**YOUR ASSIGNMENT:**
Within the entries below, please retype exactly the lines starting with the line that has "i = iTh1 - iD1" and going on through the line that has "Z pěti okresů", but not the pictures.

**LISTED ENTRIES:**
+ + +

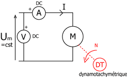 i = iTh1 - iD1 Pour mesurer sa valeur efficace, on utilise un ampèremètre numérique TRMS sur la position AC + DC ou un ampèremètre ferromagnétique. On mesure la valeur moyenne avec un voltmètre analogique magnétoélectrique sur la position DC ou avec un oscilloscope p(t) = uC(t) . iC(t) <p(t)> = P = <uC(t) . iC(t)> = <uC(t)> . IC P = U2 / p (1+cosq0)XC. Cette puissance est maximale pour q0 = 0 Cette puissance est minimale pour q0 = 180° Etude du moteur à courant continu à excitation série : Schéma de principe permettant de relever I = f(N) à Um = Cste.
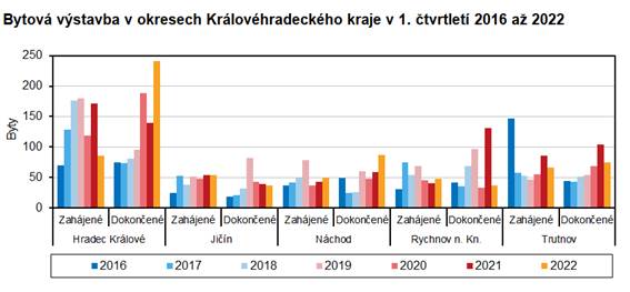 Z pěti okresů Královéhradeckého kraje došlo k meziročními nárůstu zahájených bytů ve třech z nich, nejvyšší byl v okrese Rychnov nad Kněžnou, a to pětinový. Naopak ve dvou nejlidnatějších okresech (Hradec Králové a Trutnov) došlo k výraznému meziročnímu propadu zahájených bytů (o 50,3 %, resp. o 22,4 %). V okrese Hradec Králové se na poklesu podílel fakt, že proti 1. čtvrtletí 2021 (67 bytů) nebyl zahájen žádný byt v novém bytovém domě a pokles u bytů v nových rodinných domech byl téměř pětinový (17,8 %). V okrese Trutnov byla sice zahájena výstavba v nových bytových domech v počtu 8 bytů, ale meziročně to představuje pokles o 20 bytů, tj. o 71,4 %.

+ + +

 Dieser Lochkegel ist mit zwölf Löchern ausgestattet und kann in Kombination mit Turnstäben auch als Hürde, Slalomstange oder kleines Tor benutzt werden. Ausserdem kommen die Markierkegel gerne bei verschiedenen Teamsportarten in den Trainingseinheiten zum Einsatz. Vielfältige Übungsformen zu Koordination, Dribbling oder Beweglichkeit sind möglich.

+ + +

**YOUR SOLUTION:**
 i = iTh1 - iD1 Pour mesurer sa valeur efficace, on utilise un ampèremètre numérique TRMS sur la position AC + DC ou un ampèremètre ferromagnétique. On mesure la valeur moyenne avec un voltmètre analogique magnétoélectrique sur la position DC ou avec un oscilloscope p(t) = uC(t) . iC(t) <p(t)> = P = <uC(t) . iC(t)> = <uC(t)> . IC P = U2 / p (1+cosq0)XC. Cette puissance est maximale pour q0 = 0 Cette puissance est minimale pour q0 = 180° Etude du moteur à courant continu à excitation série : Schéma de principe permettant de relever I = f(N) à Um = Cste.
 Z pěti okresů Královéhradeckého kraje došlo k meziročními nárůstu zahájených bytů ve třech z nich, nejvyšší byl v okrese Rychnov nad Kněžnou, a to pětinový. Naopak ve dvou nejlidnatějších okresech (Hradec Králové a Trutnov) došlo k výraznému meziročnímu propadu zahájených bytů (o 50,3 %, resp. o 22,4 %). V okrese Hradec Králové se na poklesu podílel fakt, že proti 1. čtvrtletí 2021 (67 bytů) nebyl zahájen žádný byt v novém bytovém domě a pokles u bytů v nových rodinných domech byl téměř pětinový (17,8 %). V okrese Trutnov byla sice zahájena výstavba v nových bytových domech v počtu 8 bytů, ale meziročně to představuje pokles o 20 bytů, tj. o 71,4 %.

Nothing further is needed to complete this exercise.